- Events of February 1848 in France had brought about the abdication of the monarch and a republic based on universal male suffrage had been proclaimed.
- People took advantage of the growing popular unrest to push their demands for the creation of a nation-state on parliamentary principles – a constitution, freedom of the press and freedom of association.
- The Revolution of 1848 was a socialist revolution led by the labor class. These events led Germans to demand their own constitution leading to the Heidelberg Convention of German nationalists and liberals.
- It became the background of the Second Frankfurt Parliament or German revolutionary parliament in 1848 which made two important proposals – formulation of union of German states under leadership of Prussia and formation of a constitution of German union.

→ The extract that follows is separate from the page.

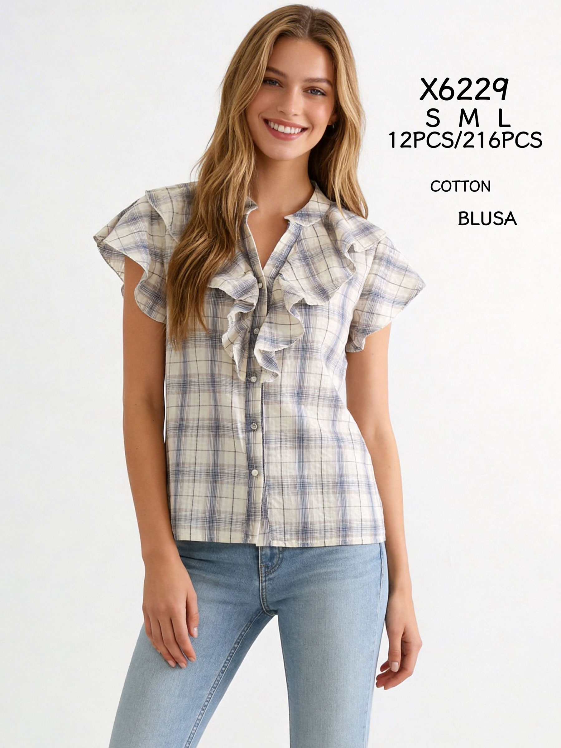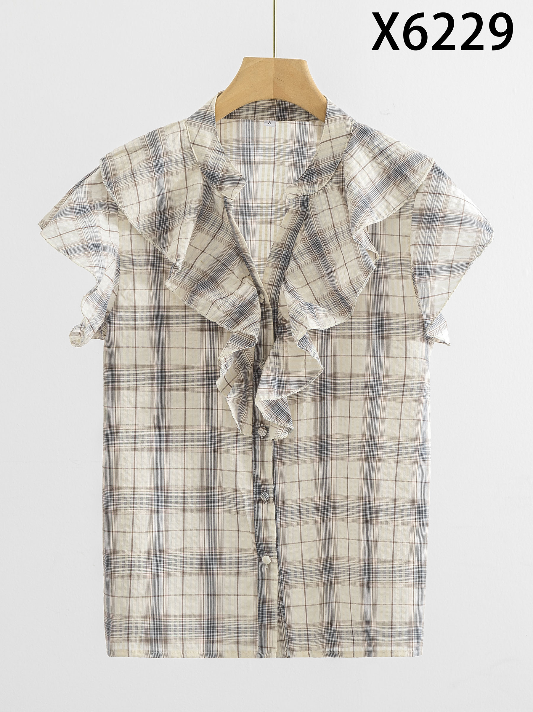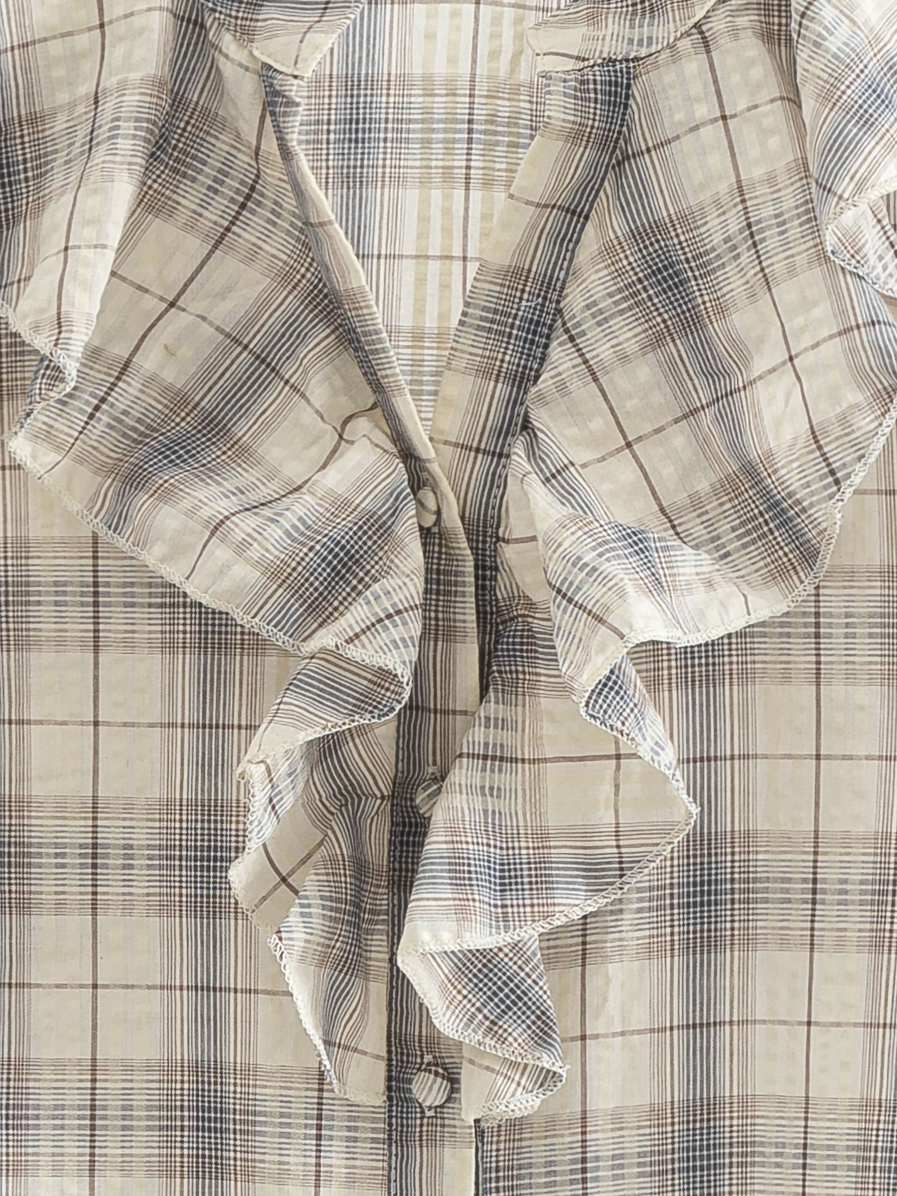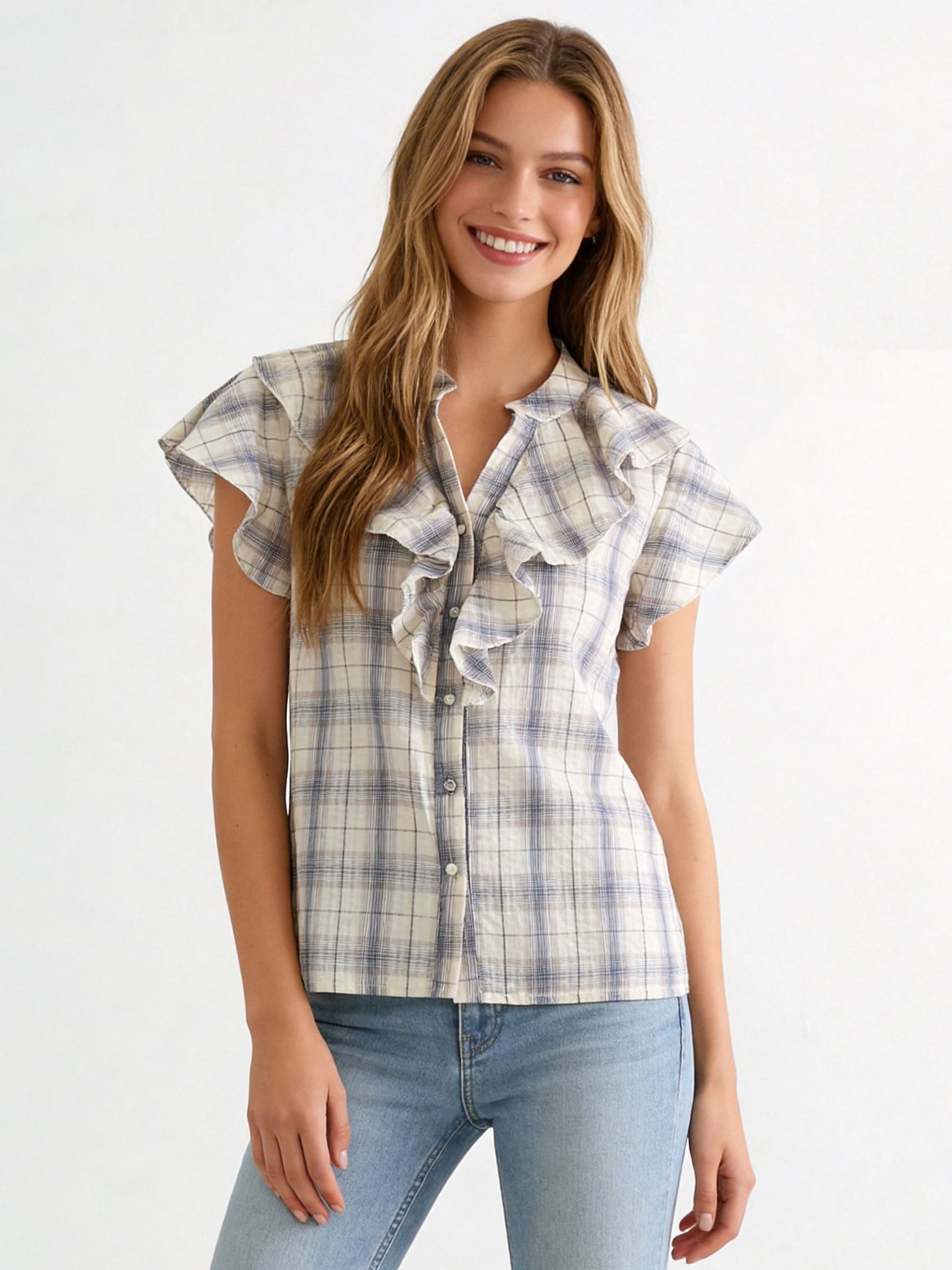 Camicetta a quadri in cotone con volant sul davanti e maniche corte svasate.

- A large number of political associations came together in the city of Frankfurt and decided to vote for an all-German National Assembly.
- On 18 May 1848, 831 elected representatives marched in a festive procession to take their places in the Frankfurt parliament convened in the Church of St Paul.
- They drafted a constitution for a German nation to be headed by a monarchy subject to a parliament.
- While the opposition of the aristocracy and military became stronger, the social basis of parliament eroded.
- The parliament was dominated by the middle classes who resisted the demands of workers and artisans and consequently lost their support.
- In the end troops were called in and the assembly was forced to disband.
- Repression soon followed and even the rights that people had won in the initial stages of the Revolution were taken away.
- Thousands of German Revolutionaries had to flee the country and live in exile. The failed Revolution was the drawback national cause.
- But the demand for unification revived in the late 1850s as a consequence of industrial and economic development.
- Monarchs were beginning to realize that the cycles of revolution and repression could only be ended by granting concessions to the liberal-nationalist revolutionaries.